Generative modeling is a fundamental problem in deep learning, aiming to learn data distributions to generate high-quality samples. Diffusion models have recently gained prominence due to their flexibility and state-of-the-art performance across various domains. Continuous diffusion models excel in image generation, while discrete diffusion models, operating directly on discrete state spaces, have shown strong empirical results in symbolic domains such as natural language processing, graph generation, music composition, and molecular design. These models define a forward noising process and a corresponding reverse denoising process, often modeled as continuous-time Markov chains (CTMCs). Despite their success, discrete diffusion models, especially uniform-rate variants, suffer from slow sampling speeds because generating a single sample requires many iterative steps, hindering real-world applications.

Core Problem

Uniform-rate discrete diffusion models lack the structural properties exploited by masking-based diffusion models, making acceleration challenging. Existing acceleration techniques either rely on training additional auxiliary quantities or suffer from slow mixing and high computational costs. Theoretical guarantees for deterministic-step samplers show polynomial dependence on the inverse target accuracy ε, with the best known rates being O(ε⁻¹). Breaking this polynomial barrier to achieve logarithmic dependence remains an open problem.
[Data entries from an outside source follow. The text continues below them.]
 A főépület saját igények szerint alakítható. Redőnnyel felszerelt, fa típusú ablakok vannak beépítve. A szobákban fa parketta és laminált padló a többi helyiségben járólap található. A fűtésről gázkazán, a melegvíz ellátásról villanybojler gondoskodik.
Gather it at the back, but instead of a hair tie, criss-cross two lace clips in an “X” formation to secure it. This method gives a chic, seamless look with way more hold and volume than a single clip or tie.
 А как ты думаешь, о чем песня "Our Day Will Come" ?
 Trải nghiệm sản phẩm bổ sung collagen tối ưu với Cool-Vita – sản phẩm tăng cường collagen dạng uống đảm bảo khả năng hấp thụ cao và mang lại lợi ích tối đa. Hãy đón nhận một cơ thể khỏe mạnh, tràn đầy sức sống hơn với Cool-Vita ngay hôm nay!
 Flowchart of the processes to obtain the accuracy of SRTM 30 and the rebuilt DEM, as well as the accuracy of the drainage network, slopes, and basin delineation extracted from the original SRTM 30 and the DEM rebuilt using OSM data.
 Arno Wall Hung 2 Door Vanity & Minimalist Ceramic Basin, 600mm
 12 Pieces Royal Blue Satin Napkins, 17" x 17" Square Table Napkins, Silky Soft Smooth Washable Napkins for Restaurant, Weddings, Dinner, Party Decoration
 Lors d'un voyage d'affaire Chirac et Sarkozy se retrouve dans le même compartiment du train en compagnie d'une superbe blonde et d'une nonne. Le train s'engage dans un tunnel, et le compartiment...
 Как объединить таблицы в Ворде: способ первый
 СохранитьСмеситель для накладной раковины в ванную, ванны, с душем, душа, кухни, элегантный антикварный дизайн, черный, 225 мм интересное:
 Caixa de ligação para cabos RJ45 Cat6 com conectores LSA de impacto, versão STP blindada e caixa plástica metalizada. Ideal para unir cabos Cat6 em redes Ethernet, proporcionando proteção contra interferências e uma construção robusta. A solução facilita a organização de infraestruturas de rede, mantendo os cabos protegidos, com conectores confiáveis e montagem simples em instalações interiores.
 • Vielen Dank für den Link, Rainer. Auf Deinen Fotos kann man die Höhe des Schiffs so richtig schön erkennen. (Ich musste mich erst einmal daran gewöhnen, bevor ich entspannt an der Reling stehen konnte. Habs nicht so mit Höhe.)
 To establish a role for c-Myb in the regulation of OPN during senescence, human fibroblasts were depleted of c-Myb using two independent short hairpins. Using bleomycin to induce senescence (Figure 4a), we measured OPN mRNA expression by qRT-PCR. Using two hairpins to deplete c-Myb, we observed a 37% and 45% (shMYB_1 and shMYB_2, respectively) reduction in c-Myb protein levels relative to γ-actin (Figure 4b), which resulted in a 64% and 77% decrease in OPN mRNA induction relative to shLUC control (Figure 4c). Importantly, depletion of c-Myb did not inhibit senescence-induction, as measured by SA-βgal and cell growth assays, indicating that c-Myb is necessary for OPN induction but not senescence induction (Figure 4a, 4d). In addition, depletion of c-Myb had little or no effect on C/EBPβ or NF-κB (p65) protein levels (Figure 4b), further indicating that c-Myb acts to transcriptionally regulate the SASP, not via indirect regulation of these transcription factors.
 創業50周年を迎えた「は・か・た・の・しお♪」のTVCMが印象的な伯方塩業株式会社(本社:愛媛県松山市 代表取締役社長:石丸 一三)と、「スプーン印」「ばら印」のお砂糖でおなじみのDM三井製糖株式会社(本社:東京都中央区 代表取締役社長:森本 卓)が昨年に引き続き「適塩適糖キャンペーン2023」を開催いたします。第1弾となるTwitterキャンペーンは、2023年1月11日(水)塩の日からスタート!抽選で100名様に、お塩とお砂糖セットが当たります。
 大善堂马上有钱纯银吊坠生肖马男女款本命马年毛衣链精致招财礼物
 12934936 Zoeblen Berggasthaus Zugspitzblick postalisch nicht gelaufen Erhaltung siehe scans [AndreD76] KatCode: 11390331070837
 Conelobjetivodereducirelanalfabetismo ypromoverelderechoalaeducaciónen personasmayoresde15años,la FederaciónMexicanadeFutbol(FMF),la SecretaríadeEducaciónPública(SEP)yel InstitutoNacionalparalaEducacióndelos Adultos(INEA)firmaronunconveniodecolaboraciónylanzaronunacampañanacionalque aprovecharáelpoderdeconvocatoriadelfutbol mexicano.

Efficient sampling with provable guarantees is critical for deploying discrete diffusion models in practical symbolic generation tasks.

Innovation

This paper introduces several key innovations:

1) A Gibbs-based corrector (GADD) that directly uses the estimated score function to construct Gibbs posterior likelihoods, eliminating the need for auxiliary likelihood ratio estimation.

2) Integration of GADD into a predictor-corrector framework that leverages the diffusion process’s warm start and Gibbs sampler’s fast mixing to achieve exponential error decay.

3) A novel theoretical analysis based on induction over predictor steps that tracks error propagation in the presence of imperfect corrector updates, circumventing the limitations of Girsanov change-of-measure techniques.

4) Establishment of the first O(polylog(ε⁻¹)) sampling complexity bound for uniform-rate discrete diffusion models, significantly improving over prior polynomial rates.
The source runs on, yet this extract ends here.